President Donald Trump slammed gasoline retailers for failing to lower prices for Americans.
In a Monday evening Truth Social post, Trump wrote that the retailers must lower prices immediately because they are too high.
“There will be no gauging, which is totally illegal,” he wrote, likely referring to gouging, the act of overcharging customers. “If retailers don’t do this, big problems lie ahead!”
He said retailers should “start targeting around the $2.50 a gallon number,” and warned that California should stop charging heavy taxes on its gasoline. The state is set to increase the gas tax rate from 61.4 cents per gallon to 63.4 cents per gallon on July 1.
As of Monday, the average gas price nationwide stood at $3.86 per gallon, according to data from the American Automobile Association. California and Hawaii currently have the highest gas prices in the country, at $5.45 and $5.49 per gallon, respectively.
Trump’s Truth Social post comes about a week after he slammed big oil companies for keeping oil prices high despite easing tensions in the Middle East and the reopening of the Strait of Hormuz.
“The big Oil Companies are not dropping their price at the pump commensurate with the sharply lower prices they are paying for Oil.

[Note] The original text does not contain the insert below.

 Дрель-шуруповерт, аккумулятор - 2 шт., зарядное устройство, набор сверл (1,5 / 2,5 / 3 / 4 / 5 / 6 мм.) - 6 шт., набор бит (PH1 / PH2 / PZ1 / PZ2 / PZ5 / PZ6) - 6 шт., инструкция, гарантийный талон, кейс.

Those prices are dropping like a rock!” he wrote on Wednesday.
He added that he had instructed the Justice Department to investigate oil companies.

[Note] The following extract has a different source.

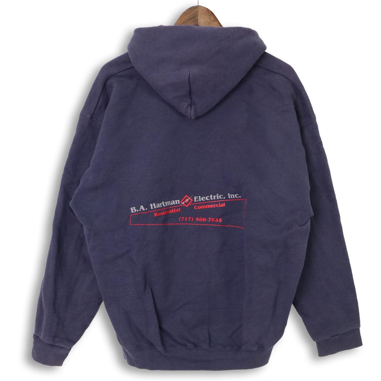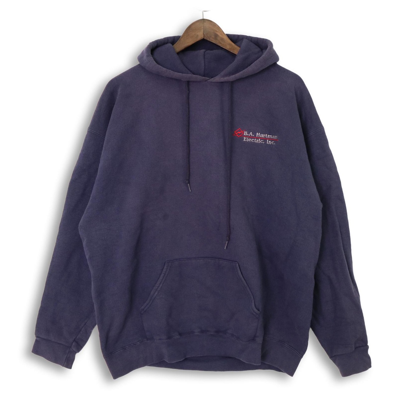 フードはドローコード付きのプルオーバー仕様で、前身頃にカンガルーポケットとリブ裾・リブ袖が備わっています。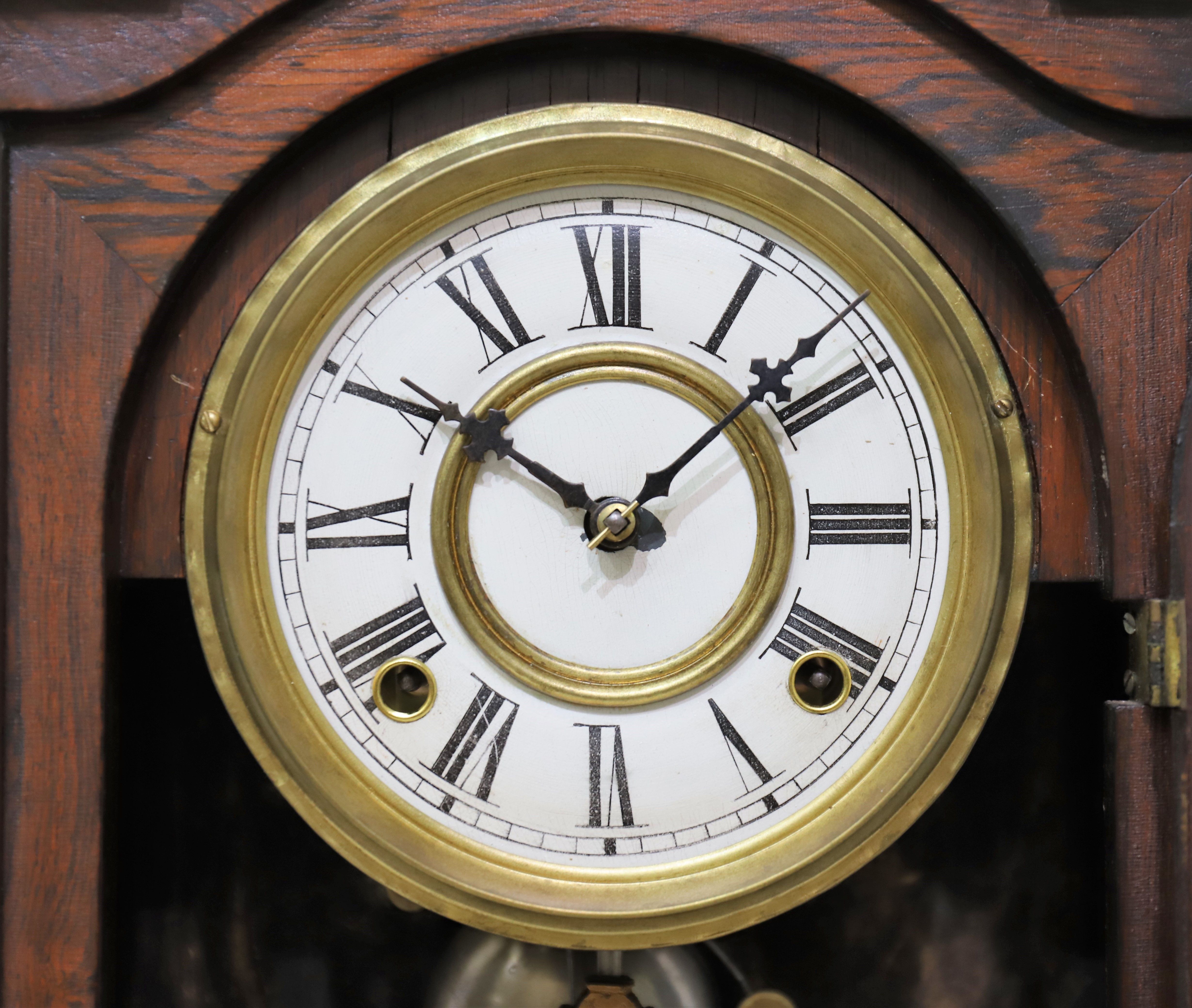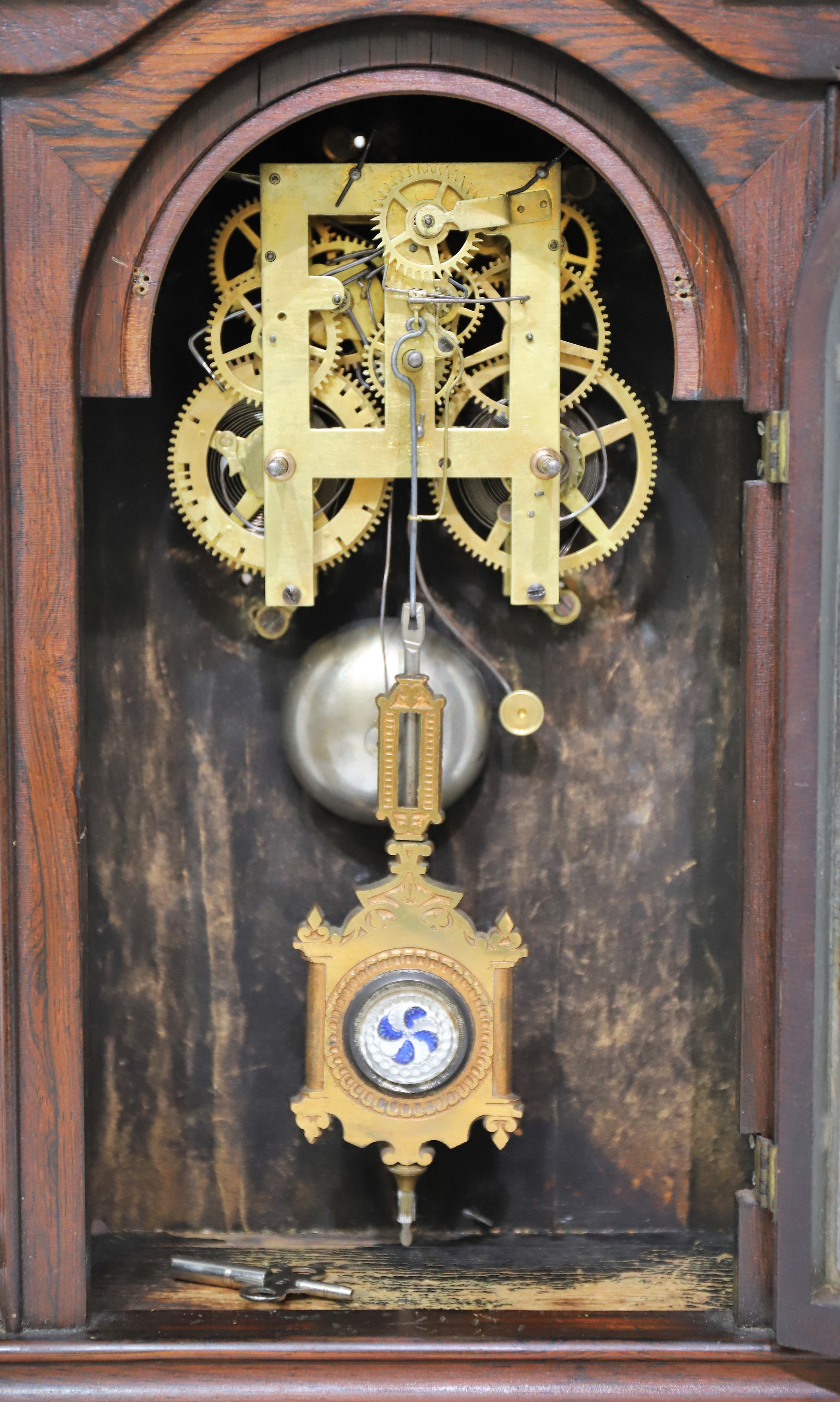 the hands are appropriate. The 8-day, time-and-strike movement is signed E.N. Welch M.F.G. Co and is running, not strongly,

Chevron’s finance chief Eimear Bonner told CNBC on Thursday that energy providers were doing what they could, but it would take time for prices to come down.
“It’s going to take time, though. There is a lag between, you know, oil prices and reductions in oil prices, and when that shows up at the pump, but we expect that prices will come down as things continue to normalize,” Bonner told CNBC.
Gas prices have skyrocketed since the start of the US-Iran war in February, with the nationwide average climbing to well above $4 per gallon, per the AAA. They have come down slightly after peace talks with Iran were initiated, and after Trump announced a ceasefire last week.